Kartellamt geht gegen Versicherer vor

Das Bundeskartellamt plant, gegen führende Industrieversicherer und ihre Manager Bußgelder in Millionenhöhe wegen illegaler Absprachen zu verhängen. In den letzten Tagen gingen den größten Versicherungsgruppen sowie zahlreichen Managern die Entwürfe der Bußgeldentscheide zu.

Ein Allianz-Sprecher bestätigte, dass entsprechende Dokumente eingegangen seien. Sie enthalten noch keine Summen. Bis Ende des Monats können sich die Betroffenen äußern, danach verhängt das Kartellamt die Bußgelder.

In der Branche werden die endgültigen Entscheide für Januar 2005 erwartet. Assekuranzkreise sprechen von einer möglichen Gesamtsumme zwischen 50 Millionen Euro und 100 Millionen Euro. Einzelne Manager müssen mit Bußgeldern bis zu einem Jahresgehalt rechnen, die für die meisten aber ihre Unternehmen zahlen.

Industrieversicherer decken Großunternehmen gegen Feuer- und Sturmschäden, Haftungsansprüche und andere Risiken ab. Die Sparte hatte den Versicherern jahrelang hohe Verluste beschert, erst seit 2002 geht es wieder aufwärts. Das Kartellamt glaubt, dass dies auf Grund illegaler Absprachen geschah.

Post vom Amt erhielten unter anderem Marktführer Allianz, Talanx/HDI, Gerling, Axa, Aachen-Münchener, Gothaer und Victoria, eine Tochter der Münchener Rück.
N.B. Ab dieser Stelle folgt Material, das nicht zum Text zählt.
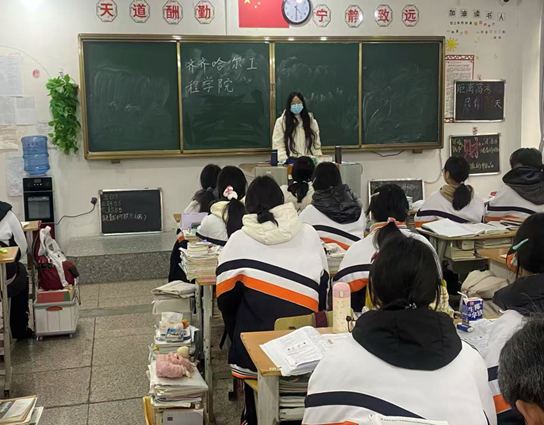 杨志艳回到母校,为正在备战高考的学弟学妹们分享大学生活与学习经验。站在熟悉的讲台前,黑板上“齐齐哈尔工程学院”的字样格外醒目,这正是她如今求学的地方。从“高考倒计时”的紧张到大学校园的广阔,她用亲身经历告诉学弟学妹:“每一份努力都不会被辜负。”她为这个特殊的备考季注入了一份温暖的鼓励。她的分享不仅传递了宝贵经验,更用行动诠释了“天道酬勤”的真谛——今日的奋斗,终将点亮明日的道路。

Bei anderen Gesellschaften werden die Dokumente - die jeweils mehr als 100 Seiten umfassen - noch erwartet.

Insgesamt ermittelt das Kartellamt gegen 18 Gesellschaften. Mehr als 30 Manager dürften persönlich betroffen sein. Die Ermittlungen beruhen auf Material, das Ermittler bei Hausdurchsuchungen am 24. Juli 2002 in 13 Büros von neun Gesellschaften fanden.
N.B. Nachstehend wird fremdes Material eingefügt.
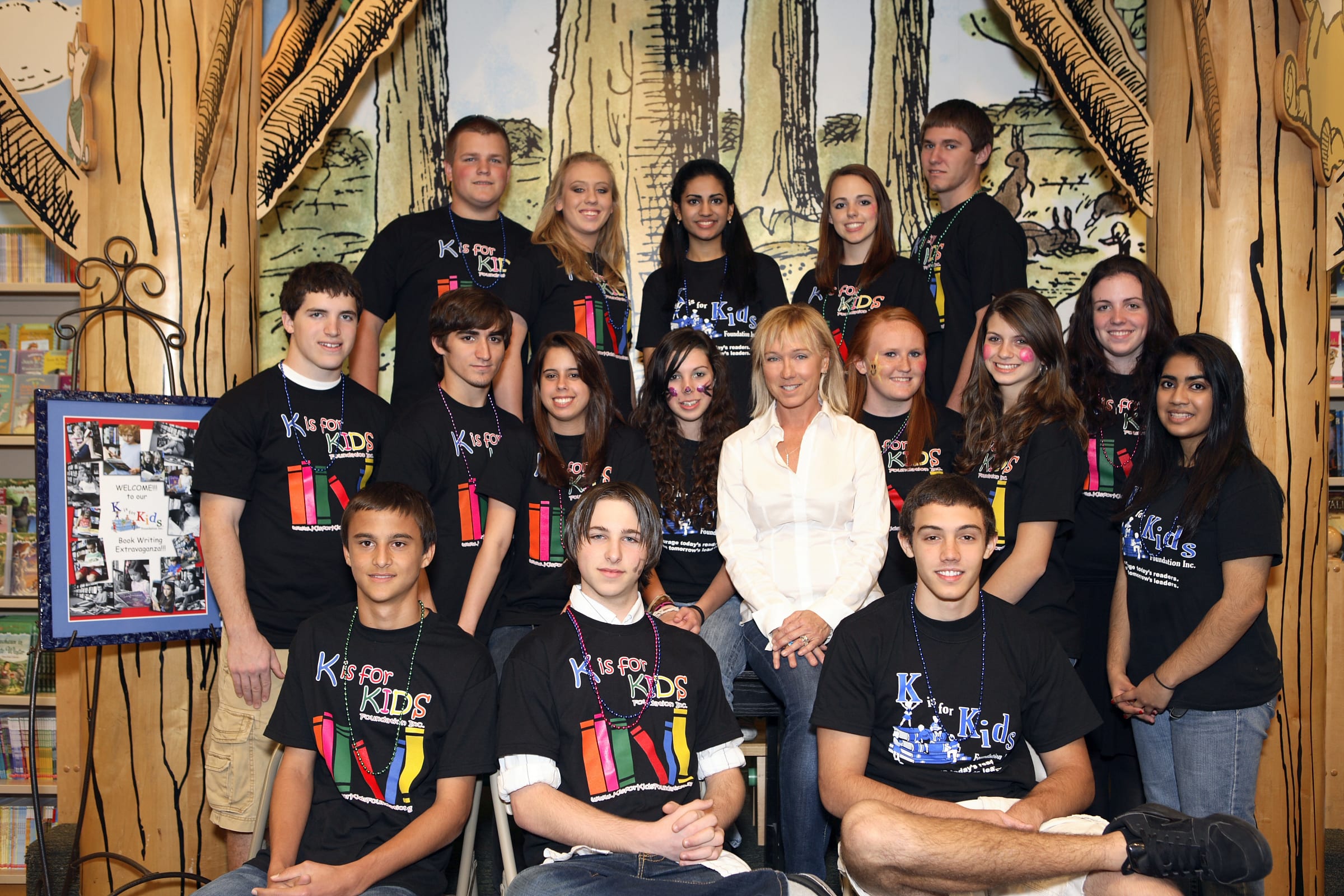 Photo by Karen Walsh Haupt. 2010: Student leaders of the Teen Advisory Team 2010 pause for a group portrait with Founder Karen D. Clawson. Barnes & Noble at the Waterside Shops in Naples. Back row: Joshua Patterson, Erin Clawson, Jasna Gopolan, Alexis Martin and Justin Williams. Middle row: Matthew Colligan, Philip Scire, Nicole Casey, Alexis Akinson, Karen Clawson, Hailee Lamb, Dezree’ MacDonough, Sydney Brodie and Radhika Gopalan. Seated: Troy Placid, Cory Jones and Holden Giles.

Den Managern und Unternehmen wird vorgeworfen, durch Absprachen ein "gleichförmiges Verhalten" im Markt bezweckt zu haben. Die Absprachen sollen mit einer Sitzung des Fachausschusses Industrielle Sachversicherung (FIS) des Gesamtverbandes der Deutschen Versicherungswirtschaft am 1. Juli 1999 begonnen haben. Bei den Durchsuchungen fanden die Beamten zahlreiche Aktennotizen von FIS-Teilnehmern. Außerdem wurde Korrespondenz zwischen Versicherern sichergestellt, in der etwa die Aachener und Münchener Versicherung der Provinzial Düsseldorf zusicherte, sie in einem bestimmten Segment nicht anzugreifen.

Die Assekuranz betont, dass die Industrieversicherung mit ihren hohen Risiken nur durch Kooperation der Gesellschaften in Form von Konsortien möglich ist. "Die Position des Kartellamts könnte bald die deutsche Industrie lahm legen, weil sie keinen Versicherungsschutz mehr findet", sagte ein Vorstandsmitglied.

Ansonsten haben sich vor allem die Marktführer aber nur mäßig gegen die Vorwürfe gewehrt. Sie setzen offenbar auf einen Deal mit dem Kartellamt bei der Festsetzung der Bußgelder. Das Amt kann zwar Bußgelder bis zum Dreifachen der durch die Preisabsprache erzielten Mehreinnahmen festsetzen. Die sind im Fall der Industrieversicherer aber nur sehr schwer zu beziffern. Außerdem dürfte das Amt vorsichtig sein - erst im Mai musste es eine empfindliche Niederlage hinnehmen, als das Oberlandesgericht Düsseldorf eine Geldbuße gegen sechs Betonunternehmen von 33 Millionen auf eine Million Euro reduzierte.

Die meisten Versicherer wollen nicht gegen die Bußgelder klagen. Sie fürchten, dass ein langer Streit sie in ihrer Geschäftstätigkeit lähmt, da sie für zahlreiche Transaktionen die Zustimmung der Behörde benötigen.